Historical information

Cologne has been continuously populated since the time around the birth of Christ. A decree of Emperor Constantine from 321 attests the existence of the oldest Jewish community north of the Alps. Recent findings on the town hall square unveiled that the community existed without interruption until the Middle Ages. That is why the excavations presently rank among the most important archeological sites in Germany.

In Roman times, the Governor`s Palace, the Praetorium, represented the political-administrative centre of the region. Cologne was departure point for strongly frequented Roman long-distance roads such as the Via Belgica which led to Boulogne-sur-Mer in northern France. In the Middle Ages Cologne counted among the largest and most impressive cities north of the Alps, in later times it overtopped even Paris or London in importance. Today Cologne is the largest city and centre of the region North Rhine Westphalia.

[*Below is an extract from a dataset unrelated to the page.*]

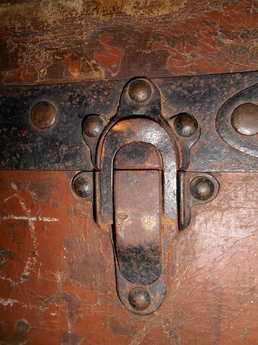 VUITTON, MALLE de voyage. Certains clous bombés, siglés.

The uninterrupted population of Cologne led to an overlapping of various structural layers dating back to most diverse époques. This makes the town hall square in Cologne a unique archeological site. Here, more than 2.000 year old monuments and evidences of historical events accumulate at one site. There is no other place where relicts of a Jewish quarter can be found atop of a Roman governor’s palace. The location is unique too: the ARCHEOLOGICAL ZONE JEWISH MUSEUM COLOGNE is situated right in the city centre and makes history visible.